Из Африки никаких новостей: связь до сих пор не установлена. Нет сообщений из Брауншвейга: Холлендорфу не удалось соединиться с Берлином.
Груды окурков растут в пепельницах.
Корбье нервно барабанит пальцами по приемнику. Этот стук выводит доктора из себя, он с трудом сдерживается, чтобы не крикнуть: «Хватит!» Лоретта, заметив его раздражение, улыбается. Мерсье, просияв, улыбается ей в ответ.
— Долго еще ждать звонка с междугородной? — спрашивает Корбье.
— Подожди. Немного терпения.
— Вызови снова.
Послушная, как всегда, Лоретта поднимается, набирает номер.
— Берлин? Через час.
— А если заказать срочный разговор?
— Вряд ли это особенно ускорит — линия перегружена.
Лоретта поднимает руку к телефонной трубке.
— Ну, как быть?
— Закажи — все-таки срочный разговор.
Она послушно звонит на междугородную, но при этом невольно думает о том, что счет за телефонные переговоры вырастет в конце месяца на несколько лишних тысяч франков. А при их бюджете это заметный расход. Радио стоит дорого, особенно когда люди играют в спасителей.
Лоретта задумывается, поток ее мыслей следует самым случайным направлениям.
Вечер может обойтись ее мужу гораздо дороже, чем он это себе представляет. Но вот ей самой не приходится жаловаться на радиолюбителей. Если бы не они, она не встретила бы Мерсье. К чему приведет их встреча, она не знает. Но она уже успела провести несколько часов, о которых не жалеет. Необыкновенные часы, полные чудесных переживаний. Надо будет потом еще не раз мысленно вернуться к ним, снова все обстоятельно перебрать в памяти, стараясь ничего не забыть. Тут хватит пищи на целые недели одиночества. Может случиться, что эта встреча будет иметь иное продолжение; ум Лоретты не отличается строгостью определений. Она не в состоянии ни представить себе Мерсье, занимающего место в ее прошлой жизни, ни то, как сложилась бы ее жизнь с ним в будущем. Лоретта отдается течению событий, не делая ни малейшего усилия, чтобы изменить их. Если бы ей пришлось рассуждать по этому поводу, она стала бы уверять, что бесполезно пытаться управлять своей судьбой: все равно окажешься там, где тебе предназначено быть. Этот безотчетный фатализм определял ее поведение всю жизнь: она была согласна с тем, что Мерсье пришел, будет согласна, если он останется, смирится, если он уйдет, как была согласна с тем, что когда-то к ней пришел Корбье, так же, как перенесла несчастье, сломившее его жизнь. Лоретта радовалась или грустила по поводу этих событий, точно так же, как ее предки, крестьяне, ликовали или грустили при наступлении ненастных дней или ясной погоды, новолуния или наводнения — пассивно и безропотно.

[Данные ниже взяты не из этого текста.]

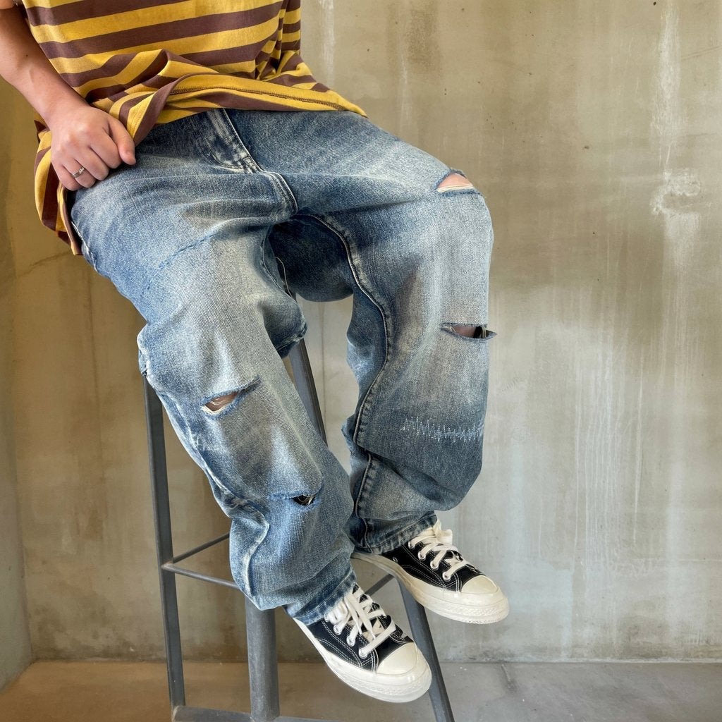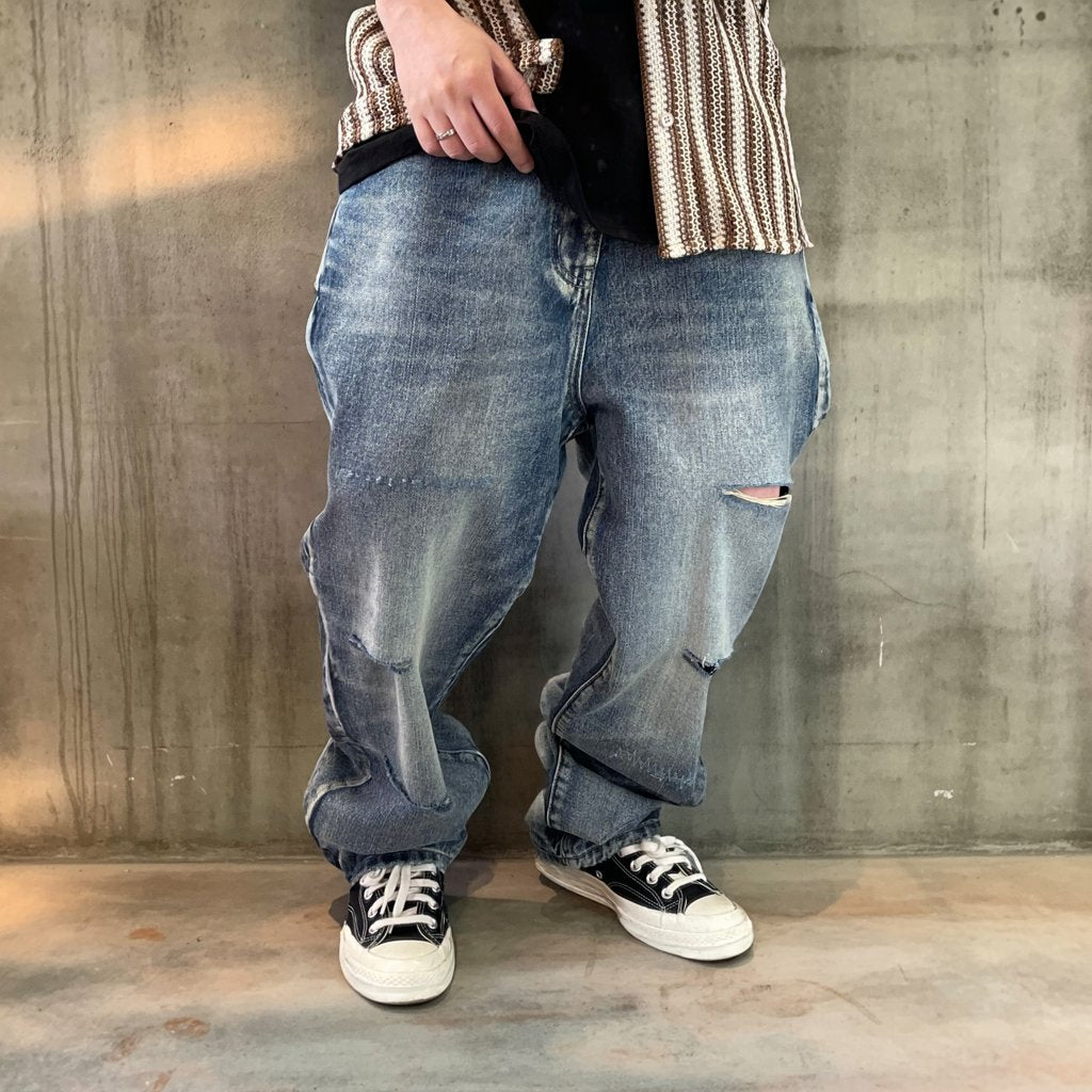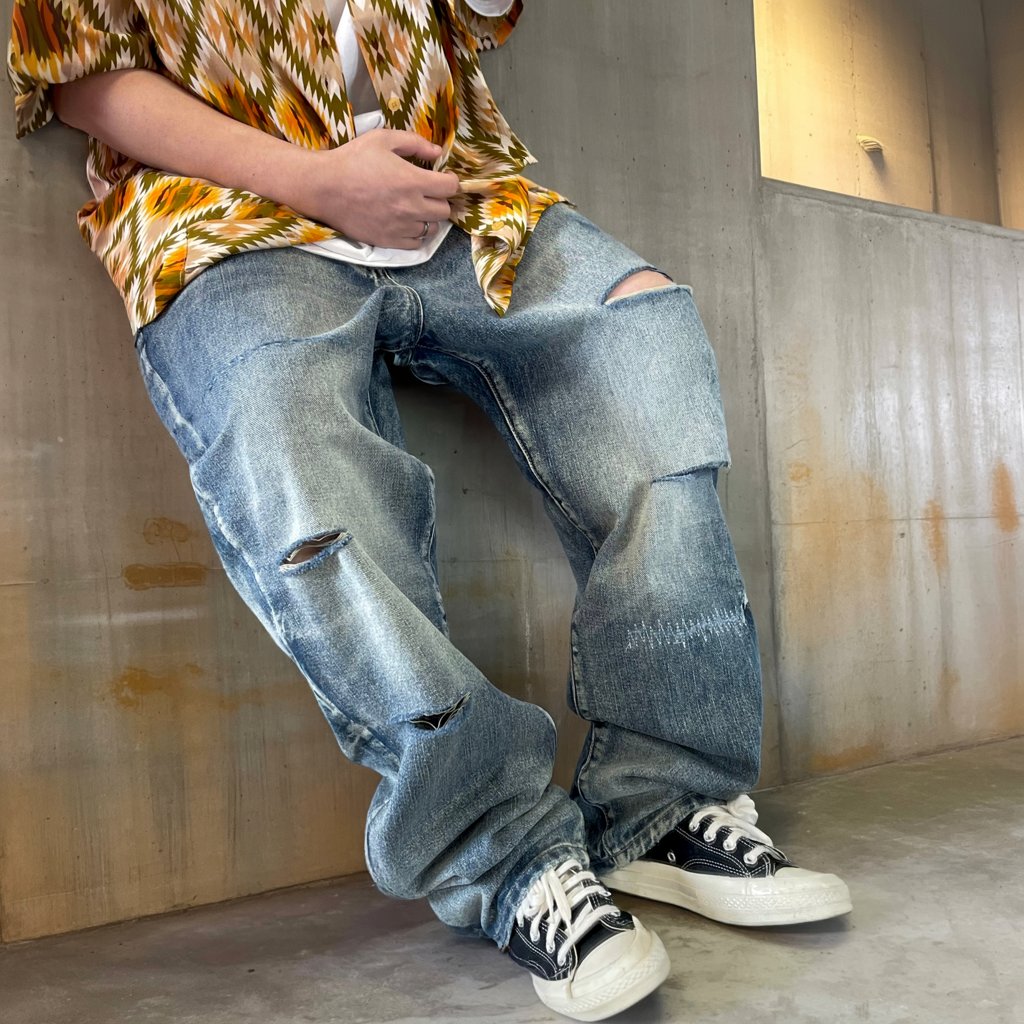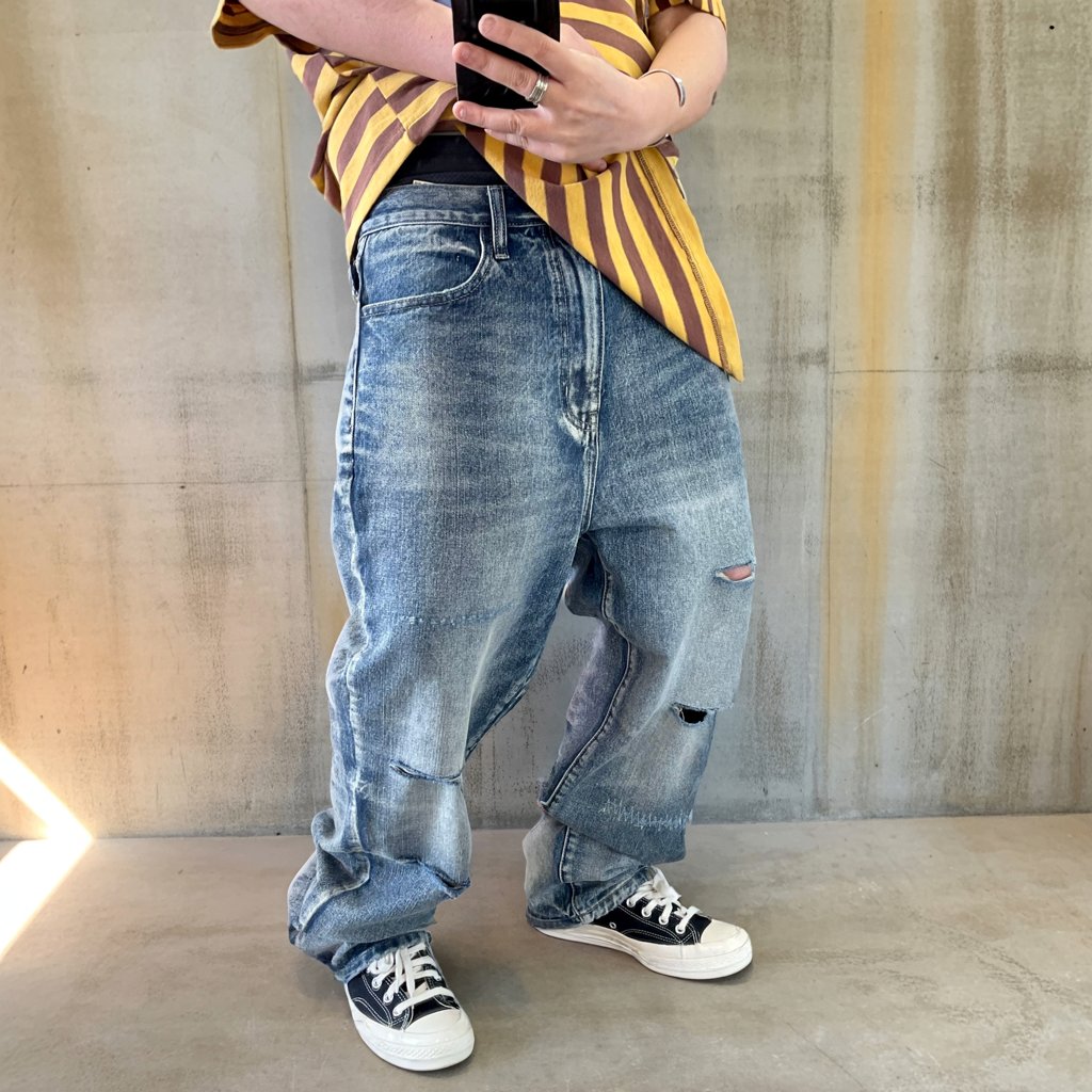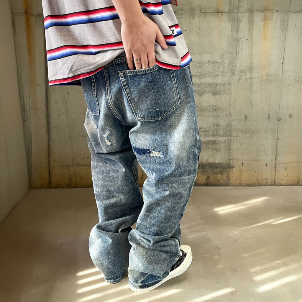 色落ち感のあるブルーデニムに、随所に施されたクラッシュ加工を組み合わせたワイドデニムパンツ。

— Ждать целый час! — говорит Корбье. — Многовато. Самолет будет уже там.
Лоретта и Мерсье вздрагивают. Мысли обоих были далеко в этот момент.
— Чего ждать целый час?
— Да разговора с Берлином! Разве телефонистка не сказала, что надо ждать целый час?
— Да, сказала.
— Так что же тебя удивляет?
— Нет... ничего.
— Ты как будто с неба свалилась.
— Ну, что ты!
— Уверен, что доктор со мной согласится. Что вы скажете, Мерсье?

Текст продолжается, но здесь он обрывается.